Complete step by step solution:
According to the question, given radius of the sphere is as follows:
$2$
Apply the Pythagoras theorem which states that in a right-angled triangle the square of the hypotenuse is equal to the sum of the square of two other sides that is
$Hypotenus{{e}^{2}}={{a}^{2}}+{{b}^{2}}$ where $a$ and $b$ are the length of the two other sides in a right-angled triangle.
We are given that we have to find the equation of the sphere which is centred at origin.
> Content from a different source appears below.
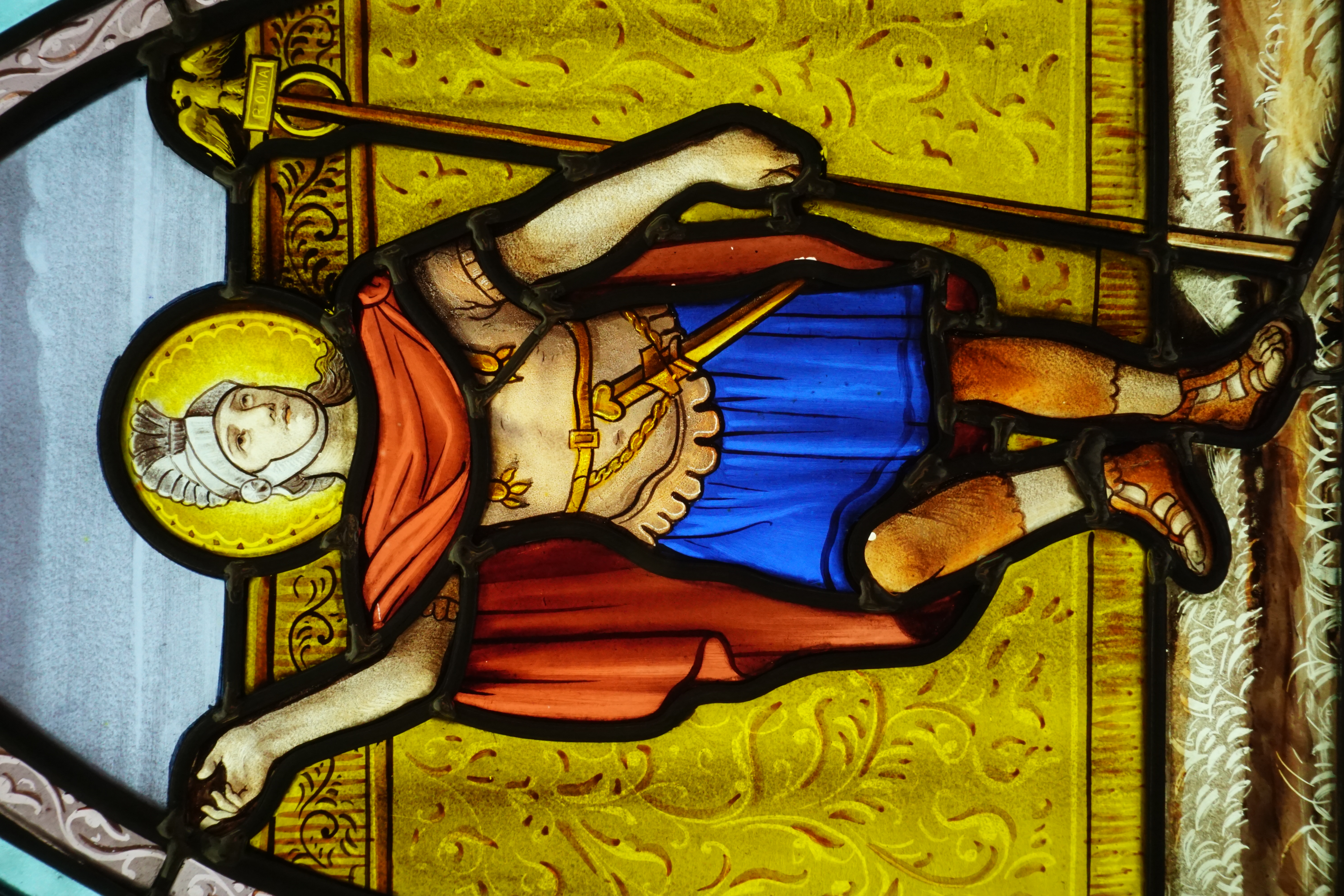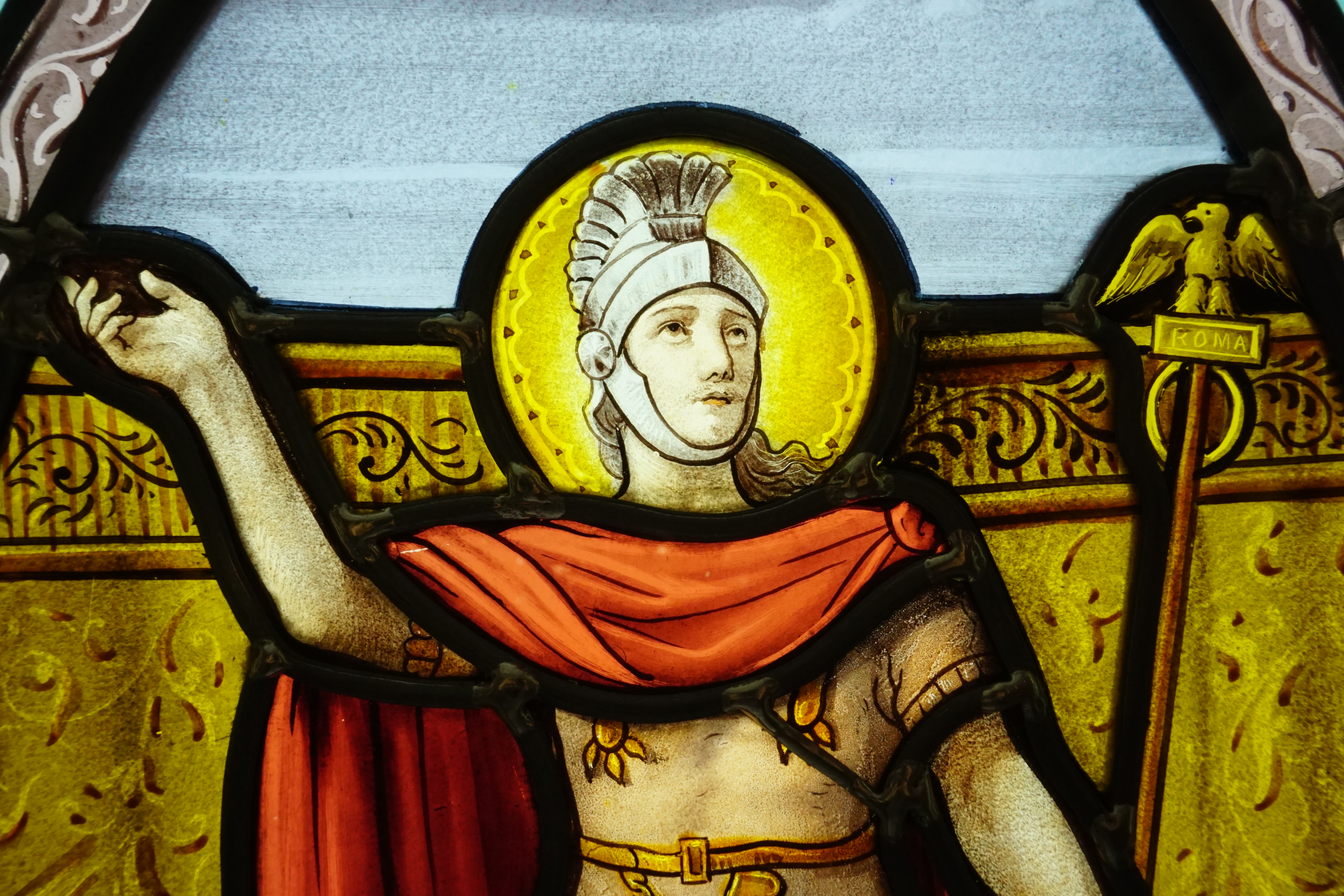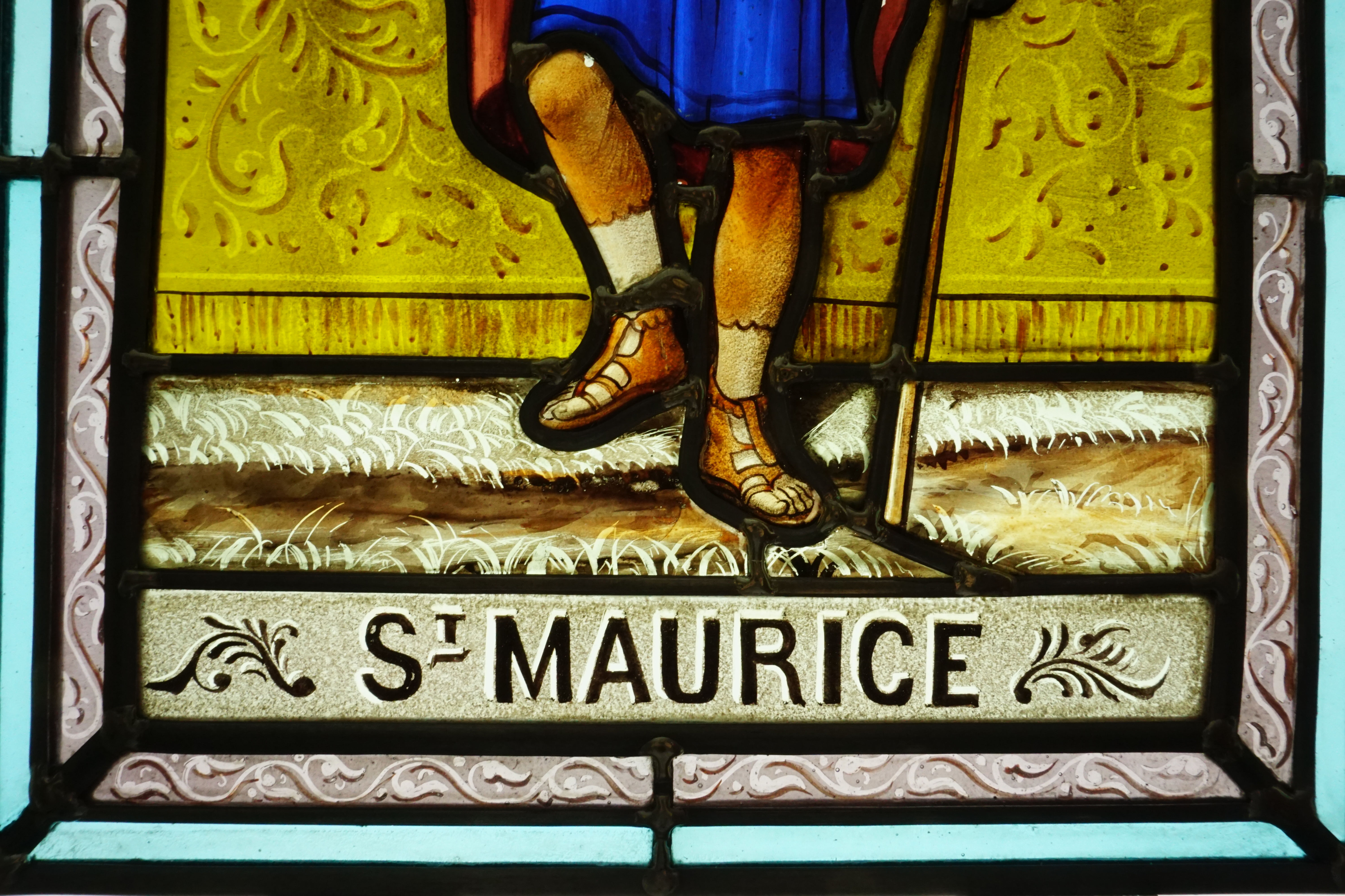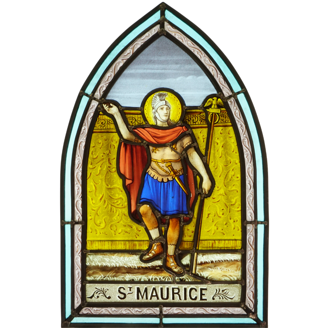 Ce vitrail représente Saint Maurice, un légionnaire venu de Thèbes, en Egypte pour combattre dans les Alpes.

Which implies the points $\left( 0,0,0 \right),\left( x,0,0 \right)$ and $\left( x,y,0 \right)$ form the vertices of a right-angled triangle with sides of length $x,y$ and $\sqrt{{{x}^{2}}+{{y}^{2}}}$.
Then the points $\left( 0,0,0 \right)$, $\left( x,y,0 \right)$ and $\left( x,y,z \right)$ form the vertices of a right-angled triangle with sides of length $\sqrt{{{x}^{2}}+{{y}^{2}}}$, $z$ and
$\sqrt{{{\left( \sqrt{{{x}^{2}}+{{y}^{2}}} \right)}^{2}}+{{z}^{2}}}=\sqrt{{{x}^{2}}+{{y}^{2}}+{{z}^{2}}}$
So, we can write the equation of a sphere as:
$\Rightarrow \sqrt{{{x}^{2}}+{{y}^{2}}+{{z}^{2}}}=2$
After simplifying it further we will have:
$\Rightarrow {{x}^{2}}+{{y}^{2}}+{{z}^{2}}={{2}^{2}}$

Therefore, the required equation of the sphere of radius 2 centred at the origin is ${{x}^{2}}+{{y}^{2}}+{{z}^{2}}={{2}^{2}}$.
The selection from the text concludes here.